(New York) – Protecting civilians should be a key priority for the US-led coalition and the Syrian Democratic Forces (SDF) as the Islamic State (also known as ISIS) makes its last territorial stand in Syria, Human Rights Watch said today, based on research in northern Syria and analysis of satellite imagery. Satellite-recorded video taken on the morning of February 20, 2019 shows hundreds of people walking along a small agricultural access road in the town of Baghuz near the Euphrates river.
The UN high commissioner for human rights had warned on February 19 that about 200 families remained trapped in the town and called for their safe passage out. On February 20, journalists saw some of these families evacuating the town. But the US-backed Syrian Democratic Forces spokesperson said that some civilians remain in the pocket of land.

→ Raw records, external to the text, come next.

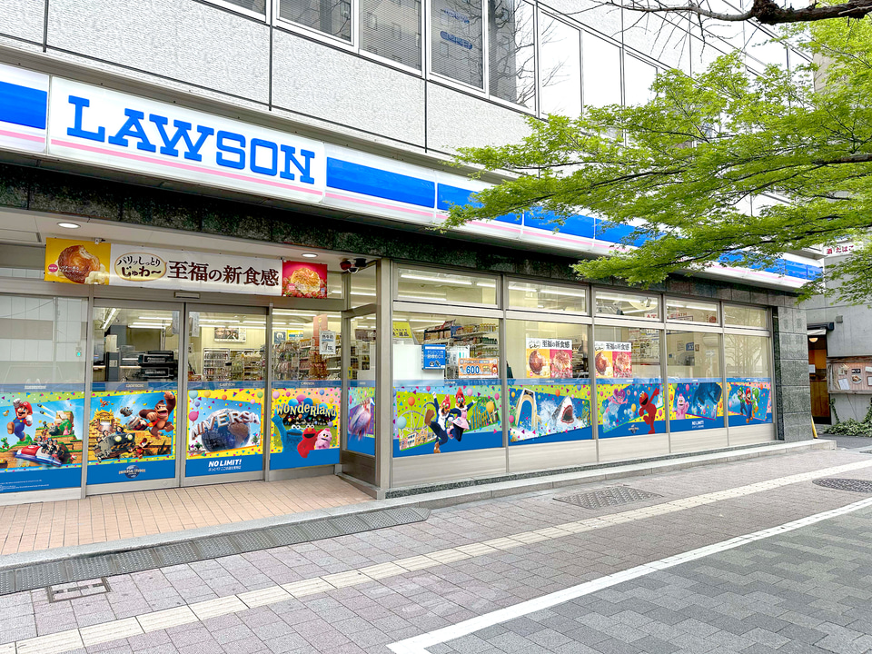 スーパー・ニンテンドー・ワールド内にオープンしたドンキーコング・カントリーからドンキーコングやディディーコングが登場するのに加え、マリオやマリオの仲間たち、ウッディー・ウッドペッカー、セサミストリートの仲間たちが楽しく華やかにローソンの外観や店内を彩り、パークをイメージさせる楽しい効果音も流れるという。両社コラボでは初のラッピング店舗となる。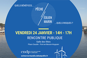 Peut-on faire cohabiter durablement pêche professionnelle et exploitation éolienne ? Venez en débattre ce vendredi 24 janvier à Port-en-Bessin Huppain (14h-Salle des fêtes)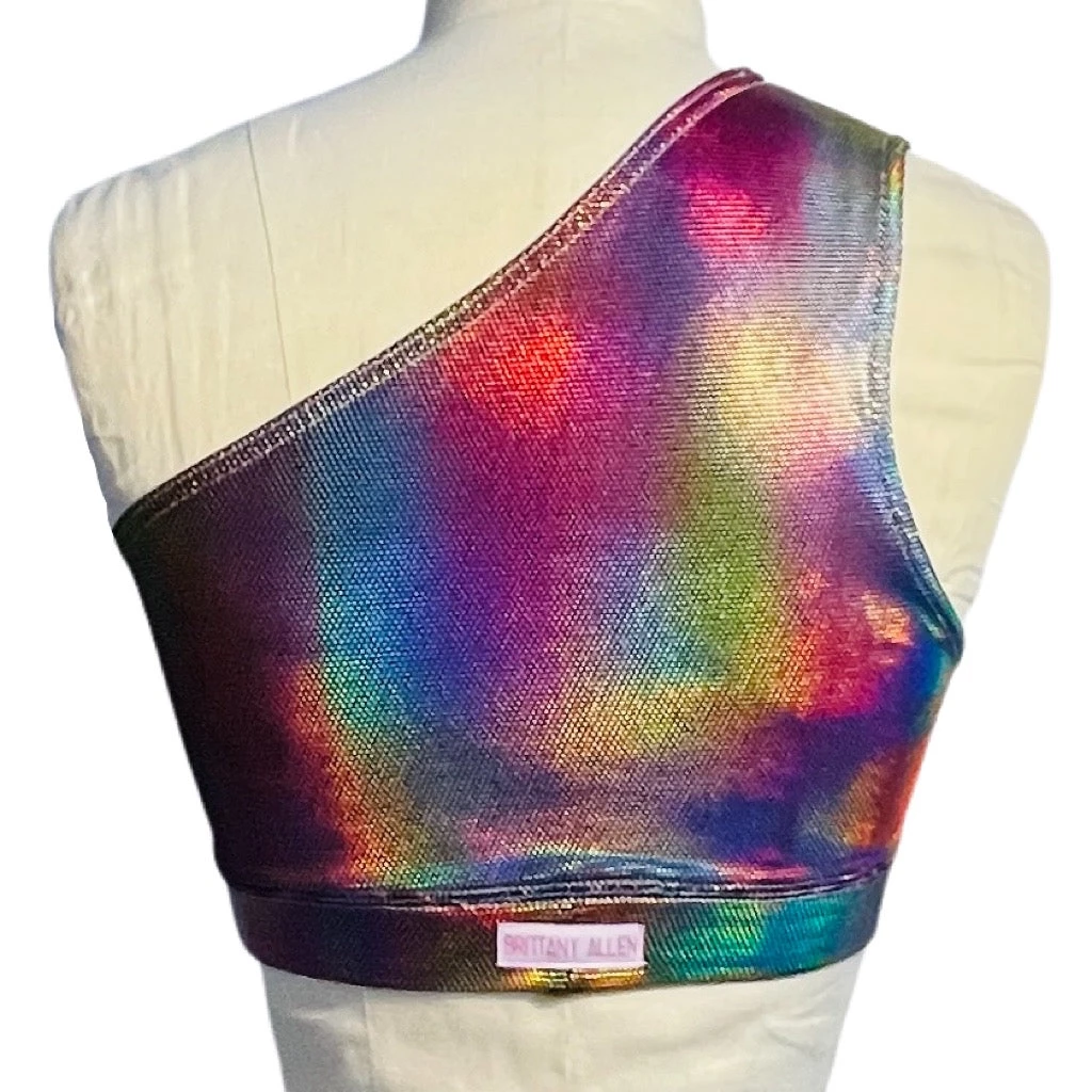 The Rave Shoulder Sports Bra is made with a rainbow holographic, metallic spandex. The bra has a one shoulder silhouette, encased elastic waistband, fully lined interior, and coverstitching on the band seam to ensure no elastic twists and turns.
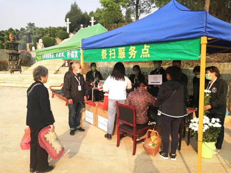 今年清明节正值新冠肺炎疫情防控期间,华宁万安公墓作为全县唯一一座经营性公墓,更加注重安全防护措施,园区内禁止燃烧纸火,同时还在公众号上提倡市民网上提前预约,分时段错峰祭扫,防止人群大量聚集。此外,该园区还实行车辆分流,开通了万安公交车,方便市民前往祭扫,园区入口设置祭扫咨询点,引导车辆停放,减少拥堵。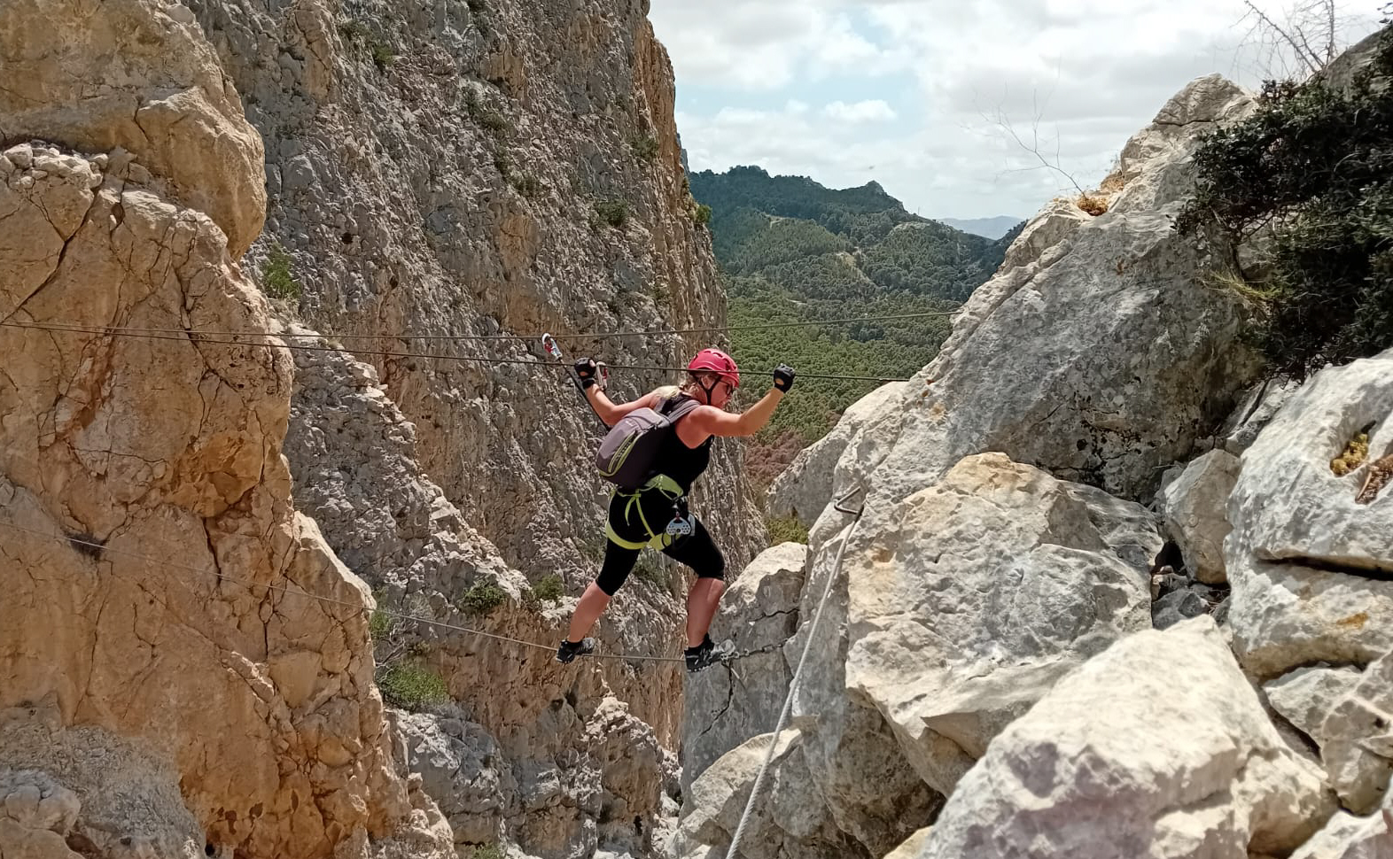 Efter adskillige højdemeter, stod vi pludselig foran den første forhindring: Svævebanen. Eller det vil sige et stålkabel spændt ud over kløften.

“Civilians leaving Baghuz is a relief but it should not obscure the fact that this battle appears to have been waged without sufficient consideration to their wellbeing,” said Nadim Houry, terrorism/counterterrorism director at Human Rights Watch. “Just because they may be families of ISIS members or sympathized with them does not take away their protected status.”
Human Rights Watch interviewed more than 20 people who escaped the ISIS pocket in recent weeks. They described the Baghuz area being repeatedly shelled and subjected to air strikes, resulting in the town’s destruction. An analysis of satellite imagery revealed that the majority of buildings in Baghuz were destroyed during a one-month period between January 19 and February 20, a period during which large numbers of civilians were still present. Human Rights Watch identified over 630 major damage sites in Baghuz during this period, consistent with the detonation of large, air-dropped munitions.
The number of civilians killed in the fighting remains unknown. Many of those who escaped said that they buried people wherever they could. Satellite imagery recorded between January 26 and February 9 appeared to show ongoing mass burials on an empty plot of land next to the main road in the center of Baghuz. Human Rights Watch is not in a position to determine how many of those buried were civilians.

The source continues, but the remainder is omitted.